By default, sessions expire after 30 minutes of inactivity, which is measured from the last hit that GA receives. If you have a website where someone could theoretically load a page, spend 30 minutes on that page, and then come back at a certain point and trigger an event, like from a PDF download, then that new event will trigger a brand new session. If that’s the only hit within the session, then the landing page will appear as (not set).

This can often happen with websites with long-form content or embedded videos, though almost everyone will see it show up for a small portion of traffic. Think how many times you may have opened a webpage only to be distracted and come back to it later.
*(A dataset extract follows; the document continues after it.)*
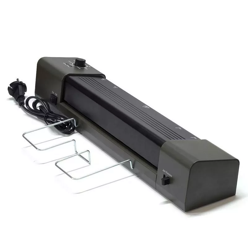 Ламинатор Royal Sovereign ES 902. Пачка пленки в Подарок. Питание : 220~240 В, Мощность(Ватты): 300, Макс. ширина ламинирования (мм): 235, Толщина пленки(мкм): 75~175, Макс. толщина ламинирования (мм): 0.8, Скорость ламинирования (мм/мин): 420, Время готовности (мин): 6~7, Метод нагрева : внешний обогрев валов, Выбор температуры : переключатель, Система подачи листов: 2 вала, Температурный контроль : термостат, Ламинирование фотографий, Реверс есть, Габариты :338 x 141 x 100. Вес кг.: 4.6.

Fix #1: If you can reasonably expect this to happen on your site due to your content, you can change your Session Timeout settings to be up to 4 hours. This should decrease the (not set) numbers.


Fix #2: Perhaps a better solution would be to implement more events to help keep the current session alive. These can be things like YouTube tracking, scroll tracking, or even a timer after a certain number of minutes. Be careful though, as this change will also affect your bounce rate, time on site, and time on page, though you’ll only be moving closer to accurate!
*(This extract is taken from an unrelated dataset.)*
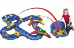 Amphie World is een van onze grootste systemen en maakt het mogelijk dat veel kinderen samen spelen. Door het draaien van het schoepenrad, beweegt het water de voertuigen door de kanalen, een ideale reis wanneer je alle fun play stations wilt bezoeken! Het vrachtschip kan worden aangemeerd aan het talud in de jachthaven, terwijl het containerschip de sluis passeert. Dit wordt gemakkelijk geregeld met behulp van de pomp en het openen van de sluisdeuren. In de grote haven kan de kraan u helpen om de container op de amfibietruck te laden. Laat de truck verder de set in rijden door gebruik te maken van het brugsysteem of het water in glijden, waar hij functioneert als boot. De navigatie in de kanalen wordt natuurlijk uitgevoerd door de zeer capabele poppetjes, de Beer Bo, Wilma het Nijlpaard, Lotta de Eend en Nils de Kikker. Deze set heeft een extra functie; hij is deels een draagbaar kanaalsysteem. U kunt eenvoudi g twee boxhelften losmaken en ze samenklappen als een koffer. Dit laat kinderen zowel plezier hebben in de tuin, als het meenemen naar vrienden of op vakantie. Dit is een creatieve en speelse manier om ze te leren hoe het water beweegt, optilt en stijgt!

Example Two: Broken Sessions

When a user loads a webpage, any combination of hits can be sent in; pageviews, events, social actions, transactions, etc. These should all be connected so you can get a full picture of user activity on your site. However, for a variety of reasons, sometimes these hits can get separated and exist in separate sessions. If a new session doesn’t have a pageview in it, then you’ll see your Landing Page show as (not set). This is one of the more serious issues that should be addressed.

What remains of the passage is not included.